> _What needs to be done_: Copy the lines of the data below exactly, starting at the first and stopping after the line that contains "sacamos del fuego."; include no pictures.
+===+
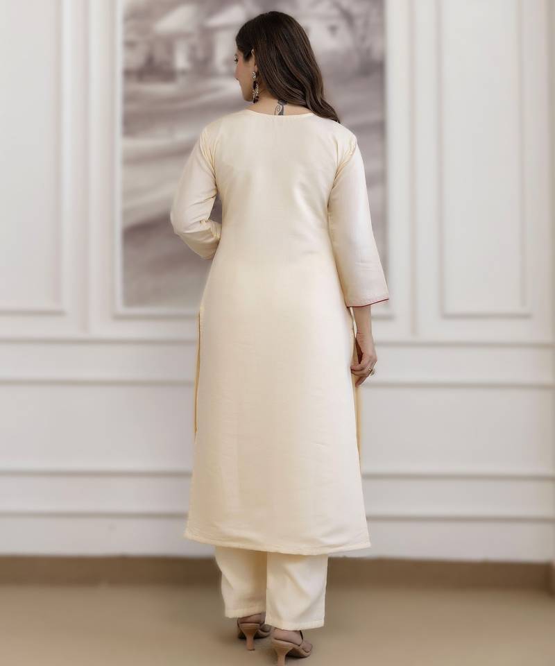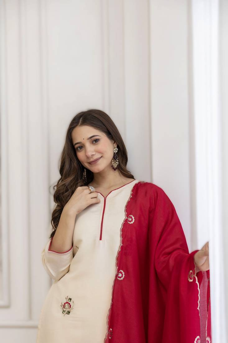Cream embroidered chanderi round neck kurta pant & dupatta stitched
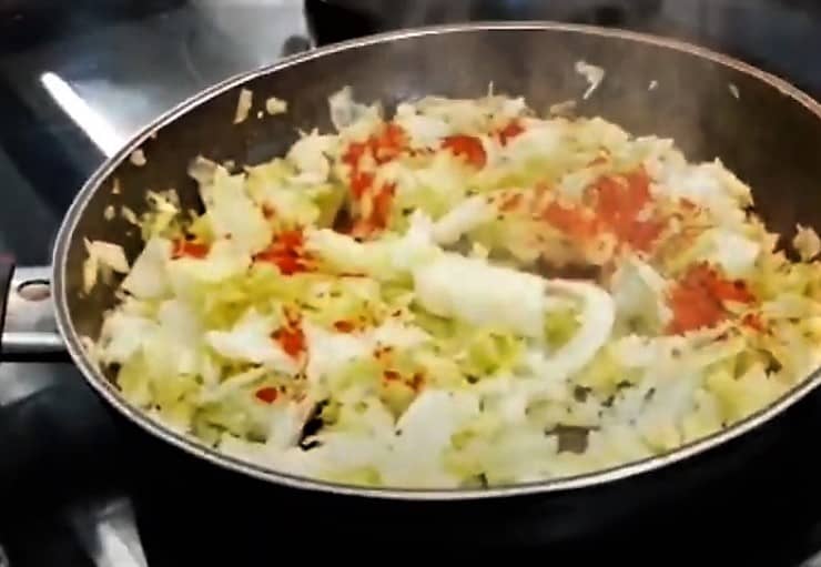• Laminamos los ajos y los freímos en una sartén con un chorrito de aceite de oliva. incorporamos el repollo y lo sofreímos, terminamos espolvoreándolo pimentón, le damos una vuelta y lo sacamos del fuego.
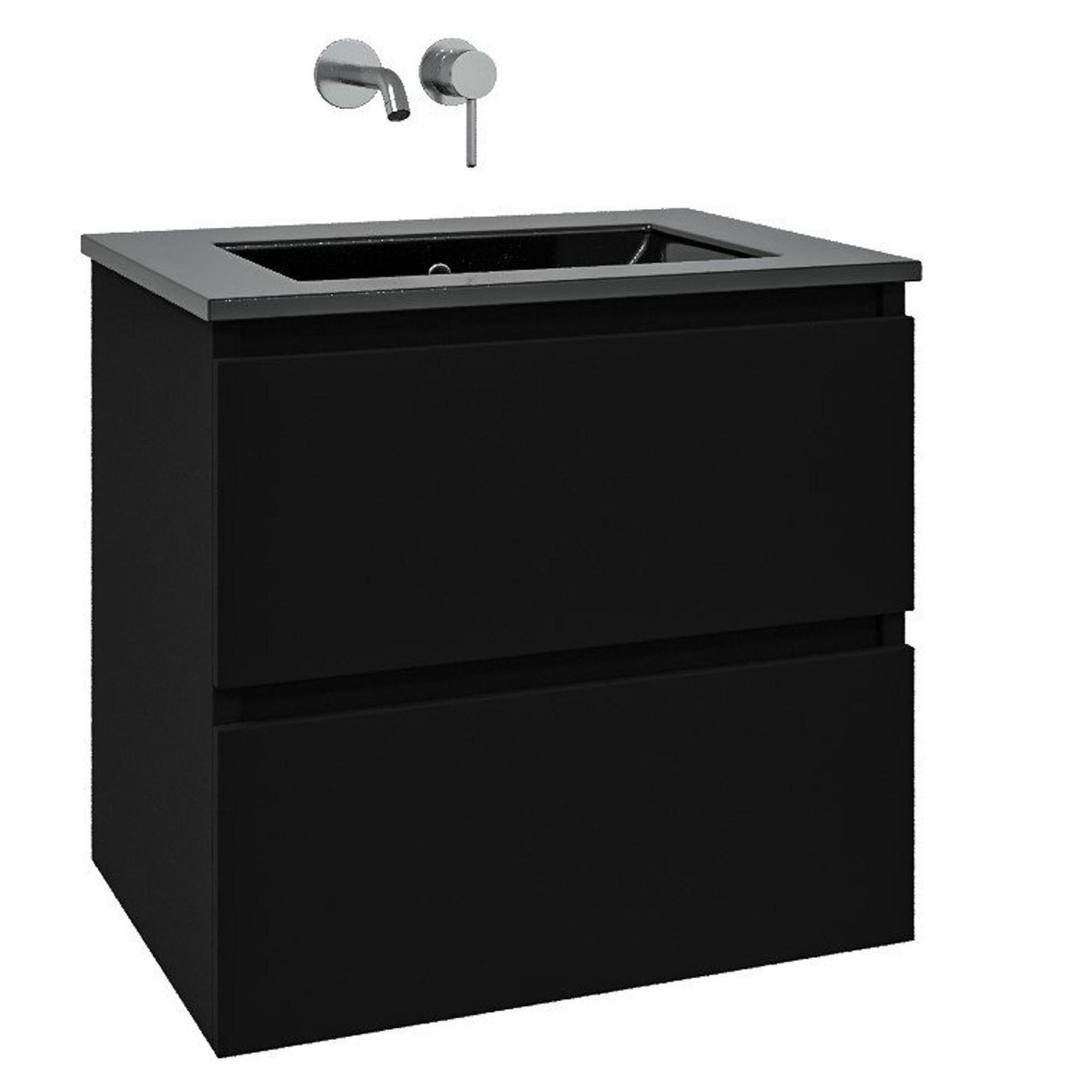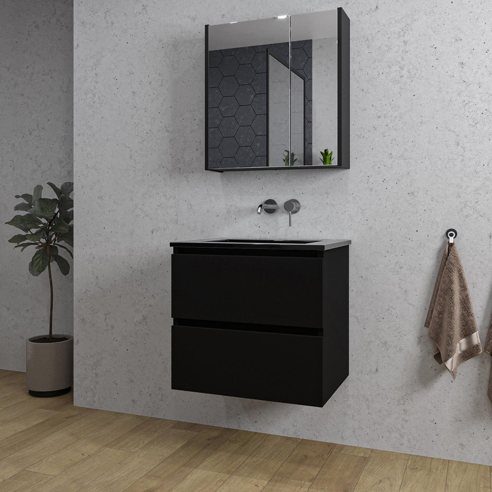 Saniclass Chaci Badkamermeubelset - 60x46x57cm - keramische wastafel zwart - 1 wasbak - zonder kraangaten - 2 lades - spiegelkast - mat zwart
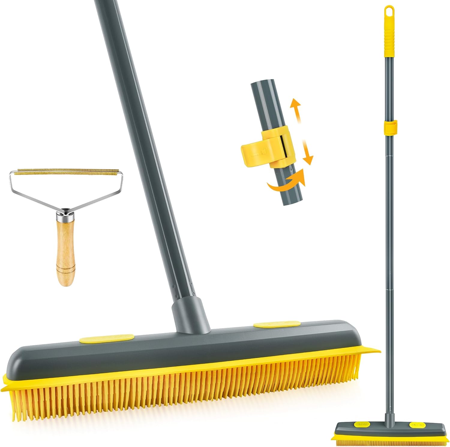 • Extended Reach with Long Handle: The 57.5” adjustable handle of this rubber brush for pet hair reduces bending and kneeling, making it ideal for tackling high corners, baseboards, or under furniture with ease
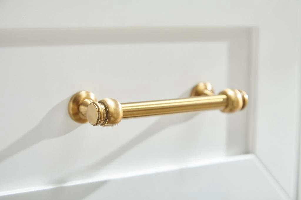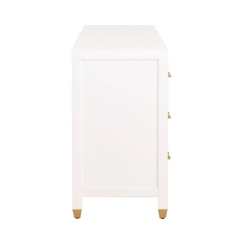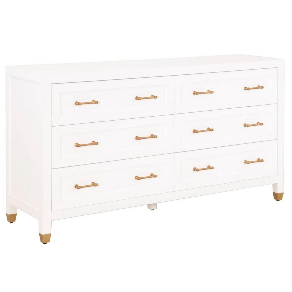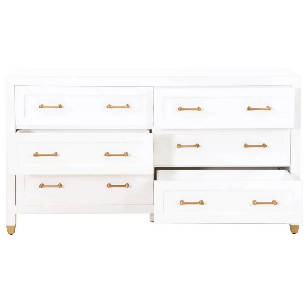 A sophisticated double dresser with a modern flare. Constructed with 6 large storage drawers, this matte white dresser has plenty of space to store clothing and display pictures, perfume bottles or a television on top. It is accented with brushed brass pull handles and hardware, giving this double dresser a transitional look that will be a great addition to your .
+===+
> _Task response_:
Cream embroidered chanderi round neck kurta pant & dupatta stitched
• Laminamos los ajos y los freímos en una sartén con un chorrito de aceite de oliva. incorporamos el repollo y lo sofreímos, terminamos espolvoreándolo pimentón, le damos una vuelta y lo sacamos del fuego.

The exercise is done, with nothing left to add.